What they can't handle, and what's forcing the Bush administration and its supporters into increasingly absurd postures, is their growing awareness of the comprehensive disaster caused by their misguided obsession with Iraq and the propaganda campaign that got us there.

12 Comments:

Blogger Tom Harper said...

The Ministry of Silly Walks is a perfect analogy. They're walking funnier and funnier, and they also look like a dog on a leash being pulled every which way (especially Frist, making 2 opposite announcements about Bolton, just hours apart).

5:48 PM  
Blogger Lizzy said...

Not only is it the perfect analogy, but it's my favorite Monty Python sketch to boot.

8:17 PM  
Blogger Damien said...

Still can't understand what Frist has been smoking? Maybe its enough the Bolton will probably enter the UN without any clear legitimacy - I need that funny walks Gif!

6:28 PM  
Blogger Samwick said...

Kick ass article...and one from my state...nifty.

3:17 AM  
Blogger halcyon67 said...

That is very good. I just think that the Republicans have failed to take their meds.

They are destroying themselves. I say let's sit back and watch or take excessive advantage of them and their stupidity.

Krispy Kreme Karl Rover is a perfect example

3:45 PM  
Blogger Donald said...

This comment has been removed by a blog administrator.

4:46 PM  
Blogger Donald said...

Oops! That last comment didn't take. I'll try again. I agree that the analogy is nearly perfect!

4:48 PM  
Blogger Snave said...

Tom, great comment! I think the GOP might also be like the owner of a pack of dogs that is straining at the leash, and of which they are losing control. The dogs being Frist, Santorum, DeLay, Bush, Cheney, etc., of course.

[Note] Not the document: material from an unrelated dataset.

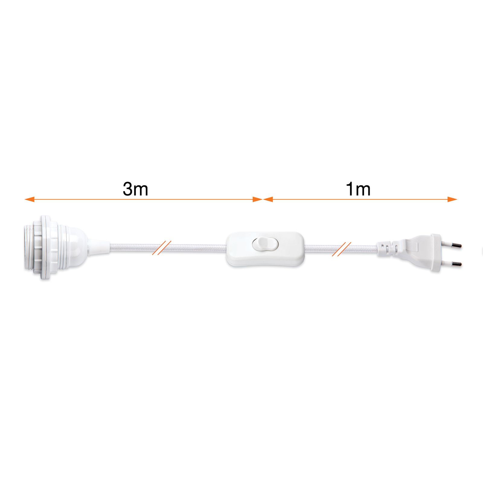 Anschlußkabel Textil weiß/E27/Schalt 4M

Lizzy, "Silly Walks" is one of my favorite Python skits as well. I think my very favorite might be the one where Terry Jones first tries to jump across the English Channel, then tries to eat a cathedral.

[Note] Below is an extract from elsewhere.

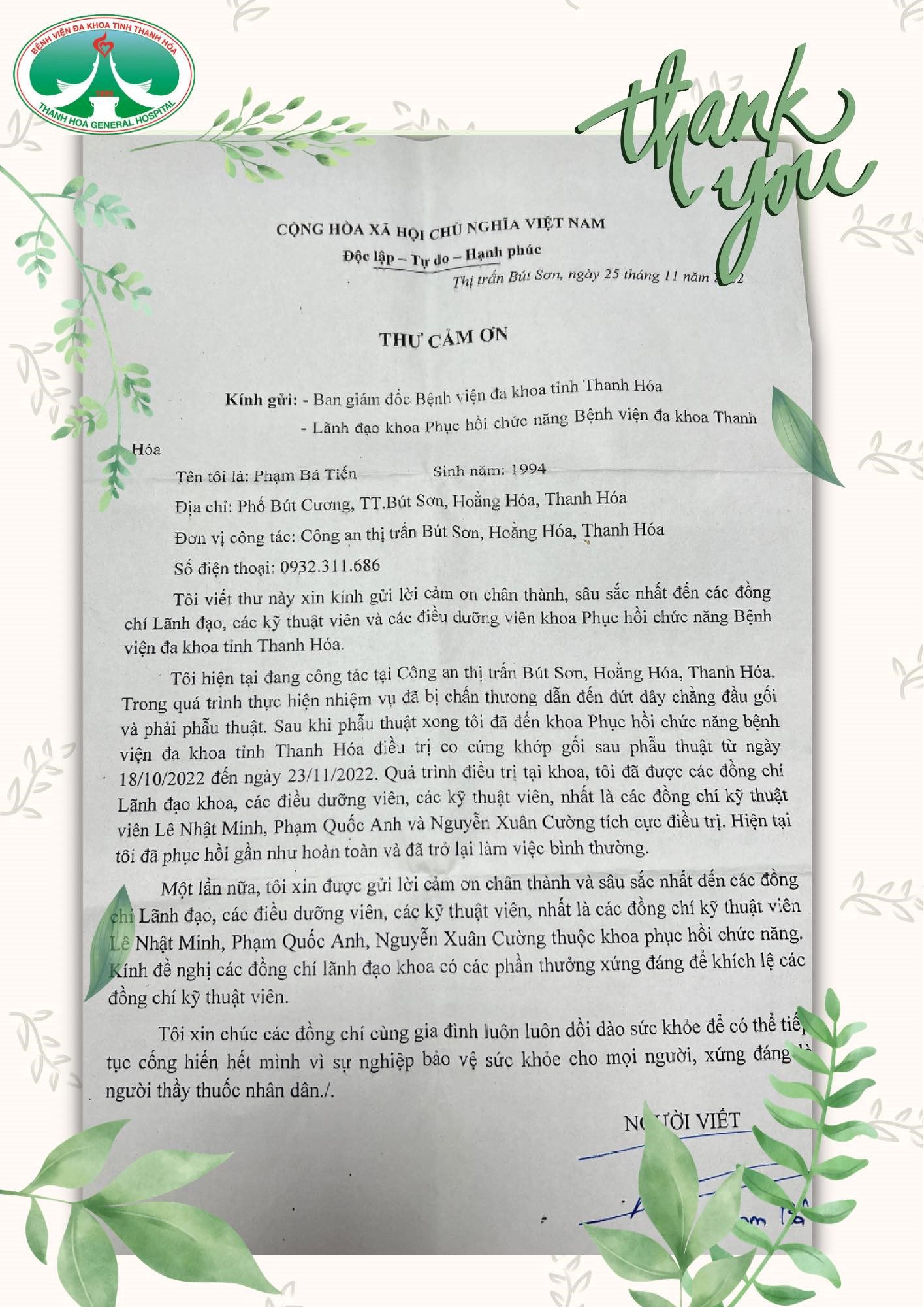 Bệnh viện Đa khoa tỉnh Thanh Hóa xin gửi lời cảm ơn sâu sắc đến quý bệnh nhân, thân nhân và nhân dân đã đồng hành và đặt trọn niềm tin vào đội ngũ y bác sỹ của Bệnh viện.

Damien: Frist has been smoking LOCO WEED, of course!

Matt: all Arkansans aren't bad. You, Bill Clinton and Gene Lyons are proof!

Samantha, you might like the Rove cartoon J.Marquis has at Are We There Yet? if you haven't seen it already. It says it all!

As much as I would like to sit back and watch them implode, I do think we need to be pointing out the various ingredients of the implosion to our Republican friends and mention possible reasons for such things. This should be done in a gentle, persuasive manner. There are a lot of them out there who aren't satisfied, and who might be quite willing to see major changes made in D.C.

Thanks for stopping by, Donald!

4:54 PM  
Blogger sleepybomb said...

well done mr snave,
this administration is fixin' to fall for the blunders they committed and can't address.
the life of brian tag is great!
actually you could prolly fit everyone in the white house to anyone of many idiots played by the pythons.
i think the bit with the housing project that crashes and burns kinda sums up their idea of nation building, or the re-enactment of pearl harbor with the ladies tea clubs battling it out...
i'll stop now.
oh yeah, where did ya find that wonderful gif? (i'm gonna steal it!)

8:17 PM  
Blogger Christopher said...

While I, too, agree with most of what Gene Lyons said, his article contained a rather startling comment: “Hardly anybody opposed the mission into Afghanistan, and few do today.”

Given that upwards of 5,000 (possibly as many as 20,000) Afghanis, almost all civilians, were killed, and many tens of thousands lost their homes, doesn’t Gene Lyons confirm so many of the prejudices held against the USA outside its borders, and that the lives of brown-skinned non-Americans are regarded as expendable and cheap?

Isn’t it the truth that the perpetrators of 9/11 contained not a single Afghani, and that if the US was to carry out an invasion, it might more logically have been of Saudi Arabia or Egypt, the countries of origin of all the 9/11 attackers?

Let’s get real.

12:19 PM  
Blogger halcyon67 said...

Snave, what J. Marquis's blog address? I typed in arewethereyet.blogspot.com, and nothing came up.

7:50 AM  
Blogger Snave said...

Samantha,

Try the link from my site. It should work for you!